START Listed entries
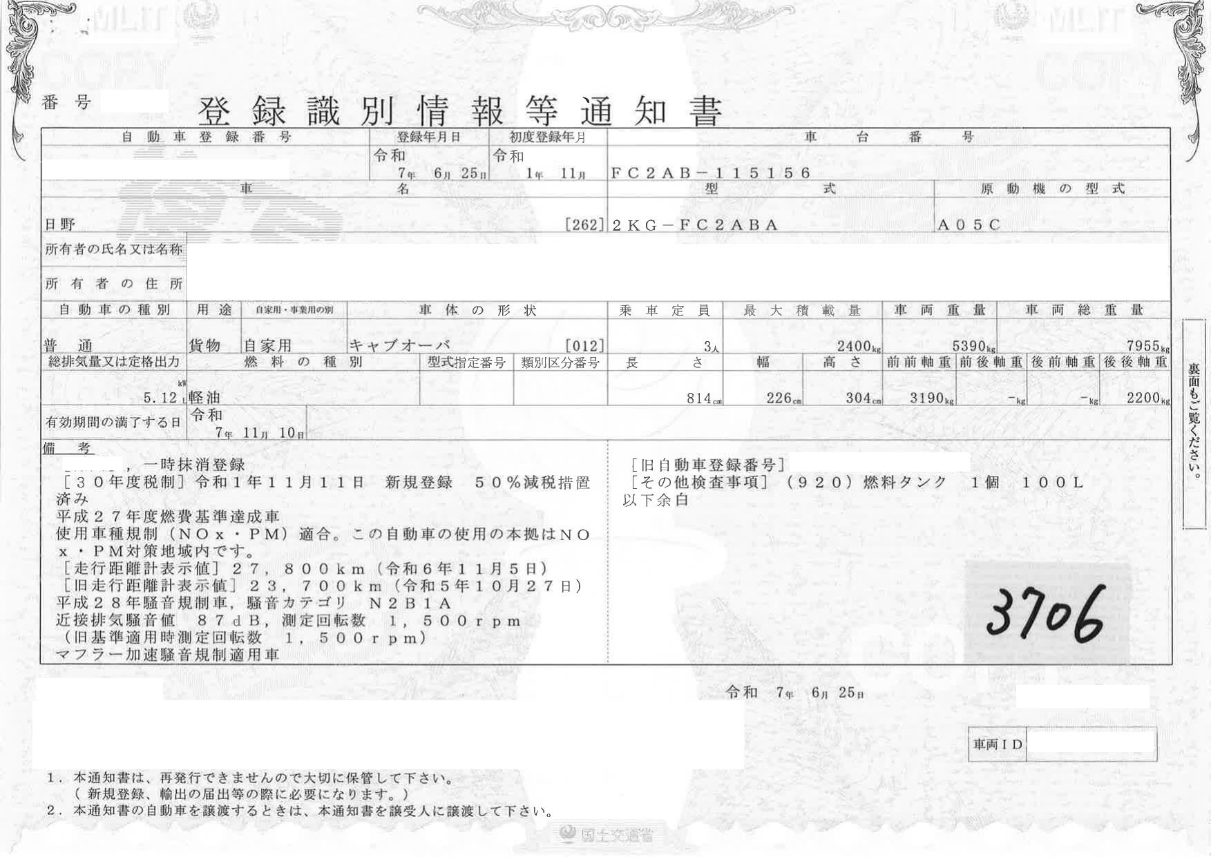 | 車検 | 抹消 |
END Listed entries
START Listed entries
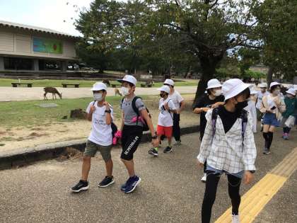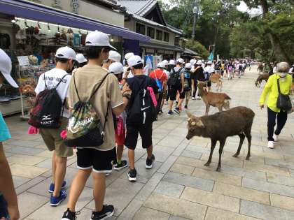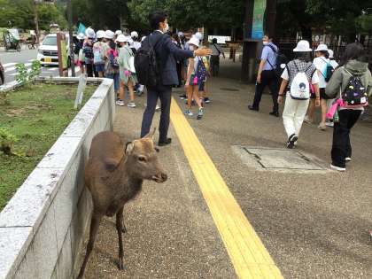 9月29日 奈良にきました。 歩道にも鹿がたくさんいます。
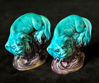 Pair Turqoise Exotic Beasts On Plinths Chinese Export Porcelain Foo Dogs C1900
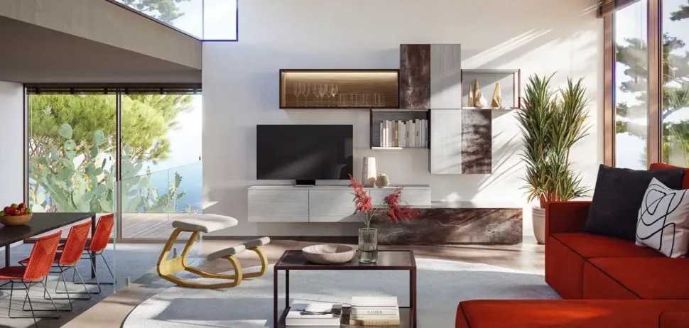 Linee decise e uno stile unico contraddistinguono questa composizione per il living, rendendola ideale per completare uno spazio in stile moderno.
END Listed entries
START Listed entries
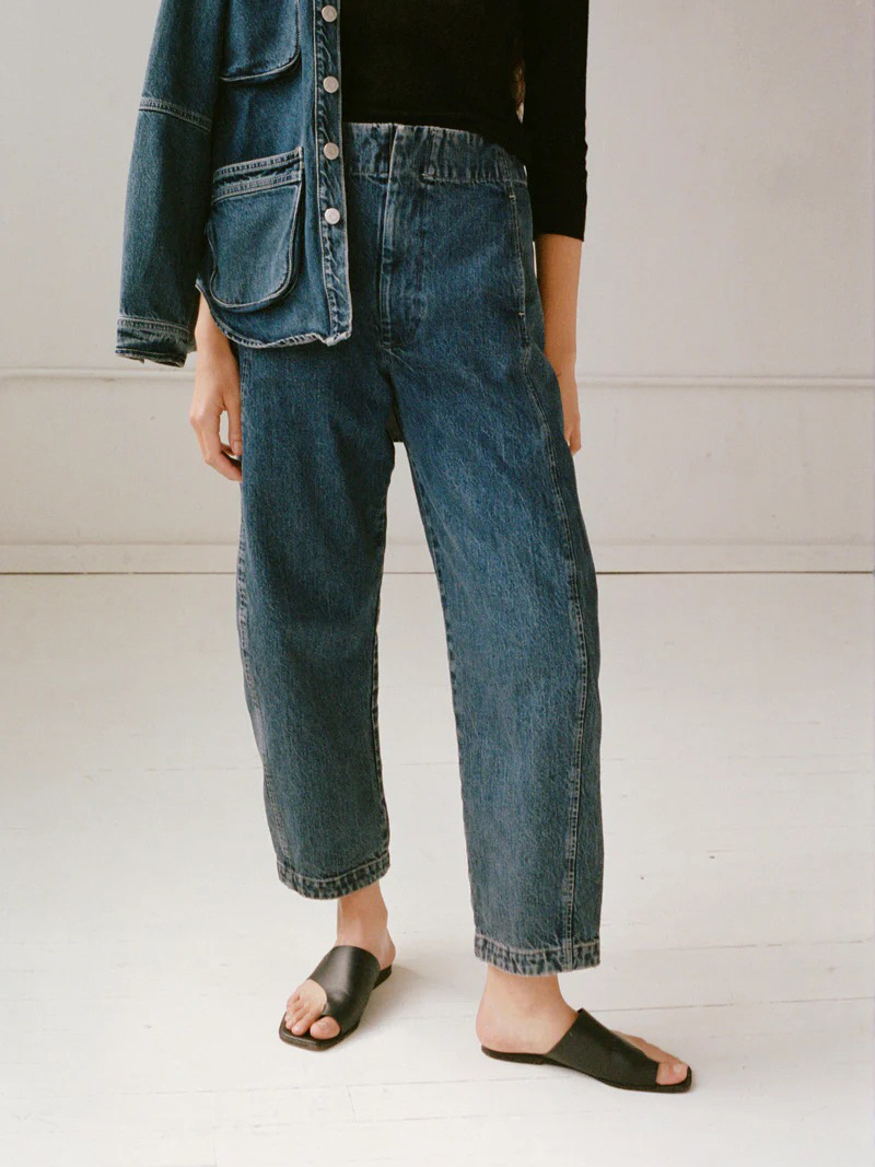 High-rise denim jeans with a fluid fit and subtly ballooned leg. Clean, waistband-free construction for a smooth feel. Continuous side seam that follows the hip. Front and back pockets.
END Listed entries
Using the records above, print exactly the run of lines that starts with the line with "Pair Turqoise Exotic" and goes on through the line with "Linee decise e", pictures excluded.

_Response box_
 Pair Turqoise Exotic Beasts On Plinths Chinese Export Porcelain Foo Dogs C1900
 Linee decise e uno stile unico contraddistinguono questa composizione per il living, rendendola ideale per completare uno spazio in stile moderno.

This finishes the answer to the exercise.